On the eve of International Women’s Day and 10 days before St. Patrick’s Day, a photo exhibit featuring young single Irish women who immigrated to New York opened in the Archives Building at St. Joseph’s Seminary in Dunwoodie. The yearlong exhibit tells the stories of young women assisted by the Irish Mission at Watson House in lower Manhattan from the late 1800s to the mid 1900s.
The exhibit is a project of the Archdiocese of New York and the Battery Heritage Foundation. Many of the names and related information have been digitized. The March 7 opening reception featured a talk by Dr. Maureen Murphy, a retired professor at Hofstra University who is the official Irish Mission historian.
“Most of them were Irish domestic workers,” Dr. Murphy noted during her presentation. “They received room and board—three meals a day, and so they had discretionary income that they sent back home to their parents in Ireland…so that the parents can pay rent or finish paying off land.” Dr. Murphy said that the young women were known for “their honesty, loyalty and cheerfulness.”
After being assisted by the Mission with a job search and finding relatives, usually siblings, in New York, many young women eventually obtained employment beyond domestic work, such as secretarial work and other office employment. Dr. Murphy said it was common for young Irish women—as well as young Irish men who immigrated to New York—to find jobs, settle here, get married and start families, and their parents usually stayed in Ireland.
The story, as explained by event organizers, goes as follows: On Dec. 4, 1885, Father John J. Riordan purchased Watson House at 7 State St. in lower Manhattan, and formally established the Home of the Mission of Our Lady of the Rosary for the Protection of Irish Immigrant Girls. Through the pioneering efforts of emigration reformer Charlotte Grace O’Brien, Father Riordan and his priestly successors, the Mission helped more than 100,000 young Irish women, mostly 17 to 28 years of age.
The exhibit examines the extraordinary undertaking, a story of New York’s Irish Catholics. Featured are some of the original ledger books from the Mission, containing more than 45,000 names and genealogical information not found anywhere else. The exhibit also analyzes the connection of the Catholic Church to the Mission, and highlights new research being done on the women who came through Watson House. The landmark site is now home to Our Lady of the Rosary Church. The exhibit features 14 panels and a number of smaller encased photos.

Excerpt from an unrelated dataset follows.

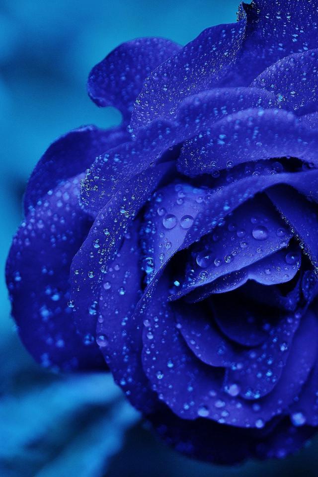 Wallpaper Blue rose in dew drops close up

Dr. Murphy spoke of the decades when Irish immigrants and others from Europe crossed the Atlantic Ocean in steamships. She gave details about steerage Irish immigrants and Castle Garden, a circular sandstone fort now located in Battery Park – known as America’s first immigration station (before Ellis Island). It is now called Castle Clinton National Monument. Dr. Murphy also stressed the Church’s long commitment to helping poor and low-income immigrants. She discussed how the young women of the Mission who went on to do domestic work were dedicated Mass-goers, putting church attendance ahead of work on Sundays.
At the end of her talk, Dr. Murphy invited the 25 people at the exhibit’s opening to look into the faces of the young women in the photos—to try to get to know them with a gaze, to imagine what they were going through in a new land, away from their families in Ireland. Each audience member was asked to “make eye contact with one of those girls.”
Kate Feighery, New York archdiocesan archivist, said the exhibit has been on display in several locations in the United States and Ireland since it was first shown at Our Lady of the Rosary in 2012.
“But this is the first time the exhibit has had original books from the Mission with the girls’ names,” Ms. Feighery noted, adding the photo display had to be restored after flood damage from Hurricane Sandy in fall 2012. She said the Mission “originally started to help Irish women (but later) helped any single woman that was traveling alone, as immigration patterns changed and other ethnic groups started to travel to America.”
In an interview with CNY after her talk, Dr. Murphy said she personally knows about a dozen people in the metropolitan area who have female ancestors whose names are on in the ledger books of the Irish Mission exhibit. They include John T. Ridge, an Irish culture historian who lives in Brooklyn, and Bridget Cusick, archdiocesan director of marketing.
“Between 1883 and 1908, 310,000 Irish girls came through the Port of New York, and they (Irish Mission at Watson House) looked after 100,000,” Dr. Murphy said. “And we’ve digitized the records for 45,000.”